The FY2026 National Defense Authorization Act made targeted adjustments to those caps, reflecting a congressional judgment about where the military is heading, not just where it has been.
Since 1965, the total active force has dropped by approximately 51.9 percent, from 2.66 million to 1.28 million personnel. Over the same period, the share of the force made up of GFOs increased by roughly 40 percent. In 1965, GFOs made up about one-twentieth of one percent of the total force. By 2024, they made up about one-fifteenth of one percent.
Critics of the growing GFO proportion make an argument for cost. A one-star Brigadier General or Rear Admiral (Lower Half) receives approximately $272,802 in Regular Military Compensation in 2026, while the highest ranking GFOs are expected to make approximately $296,539 per year.
Technological change adds another dimension, since modern weapons systems require fewer personnel to deliver greater firepower, which means a GFO may command a smaller headcount while overseeing forces of substantially greater lethality. The advent of space and cyber as operational domains has also created new commands, U.S. Space Force and U.S. Cyber Command among them, each requiring senior leadership structures.
Political Stakes
For the Administration
Hegseth's directive gives the administration significant room to act within existing law. Statutory caps are ceilings, and the executive branch has always had authority to operate below them. What the administration cannot do without congressional action is eliminate positions that are required by statute or downgrade positions whose grades are fixed in law.
The military officer confirmation process introduces a second constraint. Rapid installation of new four-star officers in restructured commands still requires Senate confirmation. That process is not easily accelerated, and a Senate that declines to confirm a nominee can effectively block a key appointment regardless of what the executive branch intends.
For Congress
The FY2026 NDAA added a notification requirement with direct relevance to the current moment. Under the amended 10 U.S.C. §§151 and 164(a), the President must notify Congress within five days of removing or transferring a member of the Joint Chiefs of Staff or a combatant commander, along with a statement of reasons.
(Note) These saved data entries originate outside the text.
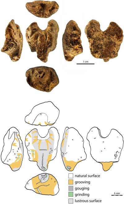 Tres fragmentos óseos tallados y agujereados hace 25 ka en Santa Elina, Brasil. Crédito: Thais Rabito Pansani.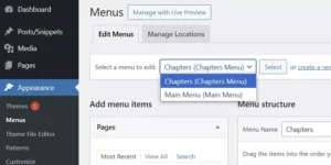 Then, navigate to the menus page (Appearance > Menus), and select the “Chapters” menu. Drag and drop your page where it needs to go.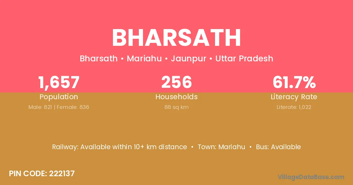 Bharsath village has a total population of 1,657 people, of which 821 are males and 836 are females.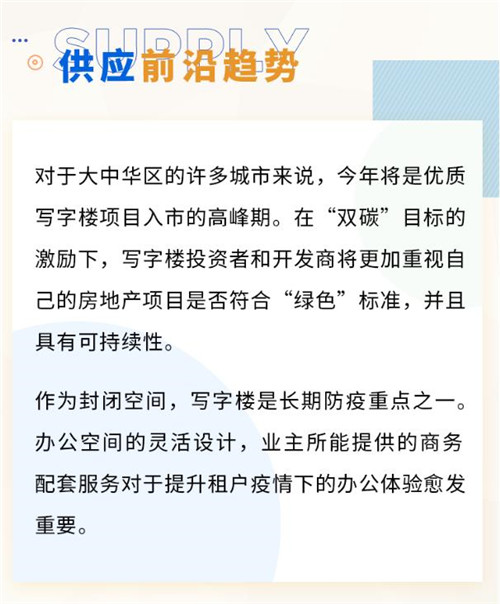近日,戴德梁行發布《大中華區寫字樓供應/需求前沿趨勢》報告指出,今年大中華區許多城市將迎來高品質寫字樓項目入市的高峰期,在雙碳目標的激勵下,寫字樓投資者和開發商將更加重視自己的房地產項目是否符合綠色標準,并且具有可持續性。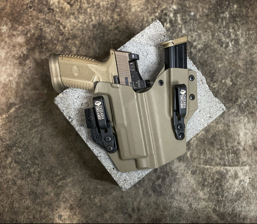 With hole spacing at 1 1/1 on center. These super strong injection molded are made in America and will help secure your OWB Holster. Available in 1.5 and 1.75 inch. Flat loops are interchangeable with the speed clip attachments.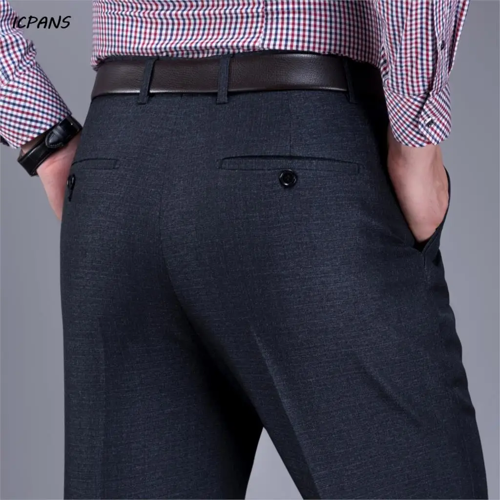 ICPANSмужской костюм большого размера 40, 42, 44, брюки, мужские осенние шерстяные формальные офисные брюки, мужские прямые свободные брюки с высокой талией, 2019

The report lays out additional options Congress could consider: specifying tour durations for combatant commanders, requiring particular assignment histories for nominees, establishing service rotation requirements for combatant command assignments, or requiring presidential reports to Congress on certain GFO assignments outside the standard framework.
For the Public
The practical question is whether the military's senior leadership structure, built over decades of statutory accretion and executive practice, can be reshaped quickly without degrading the institutional knowledge and coalition relationships that GFOs carry. That question does not have a clean answer in the report, which presents both the efficiency arguments and the operational justifications without adjudicating between them.
The Bottom Line
The CRS report arrives as a reference document for a live dispute. The administration has the legal authority to reduce GFO numbers below statutory caps, while Congress has the authority to require notification, confirm or withhold confirmation of nominees, and legislate new constraints on how that reduction proceeds.
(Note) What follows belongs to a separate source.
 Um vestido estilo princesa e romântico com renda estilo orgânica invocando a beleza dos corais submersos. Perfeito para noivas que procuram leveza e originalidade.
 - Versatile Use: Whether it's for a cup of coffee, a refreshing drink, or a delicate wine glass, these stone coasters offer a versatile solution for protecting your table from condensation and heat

What neither branch has done yet is resolve the fundamental question the report poses: what is the right number of GFOs for the force the United States has today, and what criteria should drive that answer? The final list of positions targeted under Hegseth's directive remains unreleased. Until it is, Congress faces a choice the report describes plainly, whether to await further executive action or to move legislatively to shape the outcome.